Methods: In an observatory, prospective, clinical study, 30 patients (30 eyes) with moderate to advanced angle glaucoma were allocated to either PreserFlo MicroShunt combined with phacoemulsification (15 eyes; Group A) or PreserFlo™ MicroShunt as a standalone procedure (15 eyes; Group B). The follow-up time of the study was 12 months.
Results: Average intraocular pressure (IOP) at 12 months was 11.62 ± 1.6 mmHg in Group A and 13.8 ± 3.6 mmHg in Group B, which was significantly lower than baseline IOP (Group A: 23.47 ± 8.99 mmHg, P < 0.001; Group B: 23.4 ± 8.68 mmHg, P < 0.001). The absolute reduction of IOP within the 12 postoperative months was not significantly different between the two groups (P = 0.056). The number of the topical medications that were administered 12 months after ocular surgery was 0 in Group A and 0.6 ± 0.8 in Group B, compared to 3.13 ± 1.02 in Group A (P < 0.001) and 2.4 ± 1.45 in Group B (P = 0.004) at baseline.
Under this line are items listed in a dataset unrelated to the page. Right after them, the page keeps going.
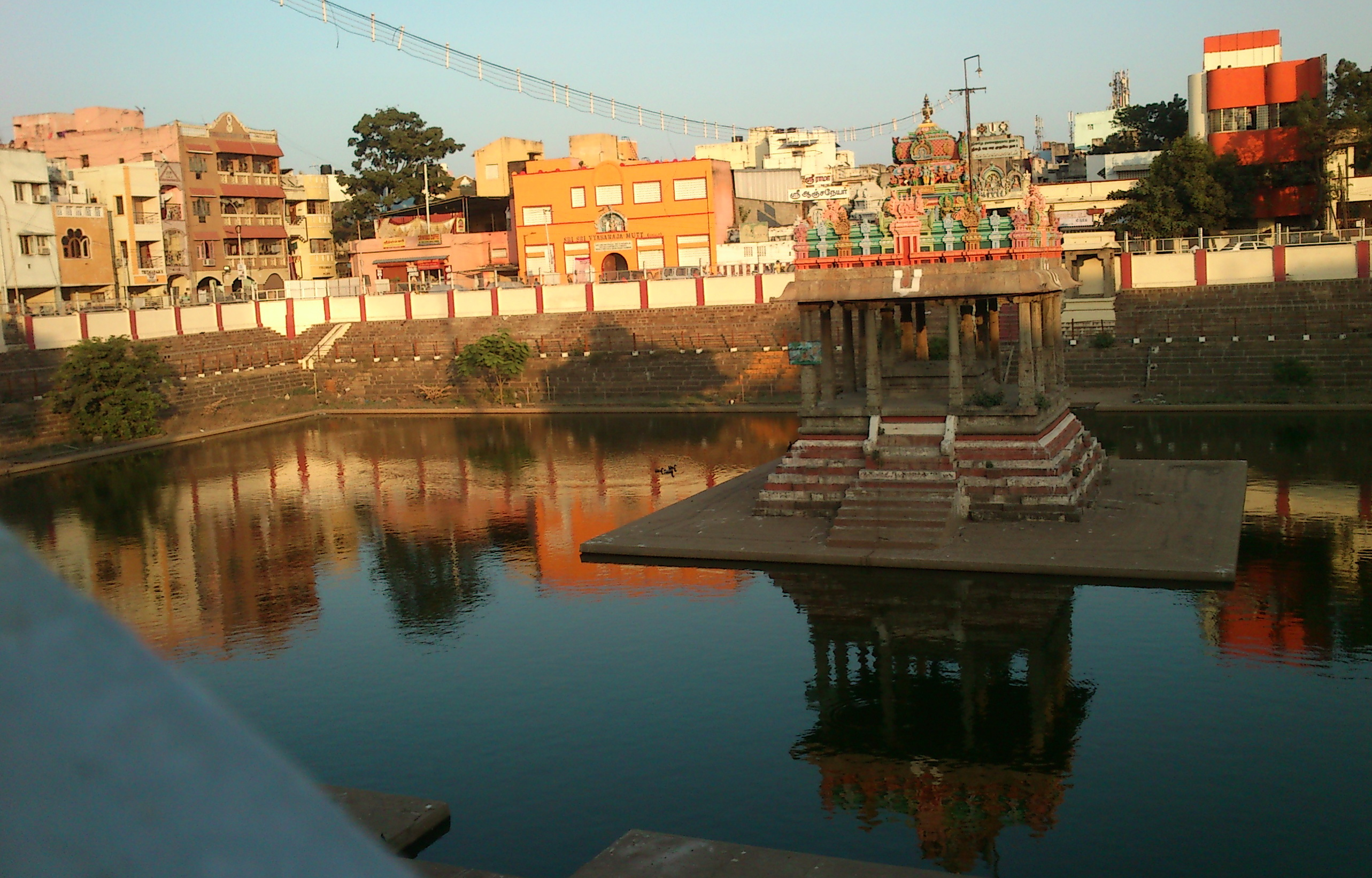 The Holy temple tank opposite to Sri Venkatakrishnan Temple commonly known as Sri Parthasarathi Temple situated in Thiruvallikeni, Chennai, India. It is hundreds of years old.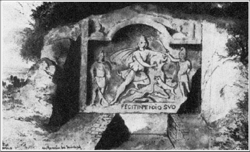 Relief of the tauroctony from the Mitraeum at Fertőrákos (Ferenc Storno’s drawing, 1866)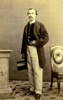 Portrait of Italian opera singer Carlo Negrini

Phacoemulsification combined with PreserFlo™ MicroShunt significantly reduced the number of antiglaucoma agents after 12 months compared to the standalone procedure (P = 0.026). One eye in Group A was referred for bleb revision due to bleb fibrosis and a consequent acute postoperative rise in IOP. One eye in Group A required transscleral cyclophotocoagulation with MicroPulse® laser. One bleb revision was also necessary in Group B at the 4th postoperative week. Endothelial cell density did not significantly change over 12 months in either group (Group A: baseline, 2017.3 ± 346.8 cells/mm[2]; 12 months, 1968.5 ± 385.6 cells/mm[2]; P = 0.38; Group B: baseline, 2134.1 ± 382.6 cells/mm[2]; 12 months, 2094.4 ± 373.3 cells/mm[2], P = 0.42). The PreserFlo™ MicroShunt combined with phacoemulsification produced higher absolute success rates after 12 months in patients with moderate to advanced open-angle glaucoma than the PreserFlo™ MicroShunt as standalone procedure (Group A: 80% and Group B: 60%, P = 0.022).
Conclusions: In eyes with moderate to advanced open-angle glaucoma, PreserFlo™ MicroShunt with or without phacoemulsification is effective in reducing IOP and the number of the antiglaucoma agents with a very small incidence of complications and subsequent glaucoma surgeries. However, adding phacoemulsification to PreserFlo™ MicroShunt successfully reduces IOP without the need for ongoing topical medications as are needed after the standalone procedure.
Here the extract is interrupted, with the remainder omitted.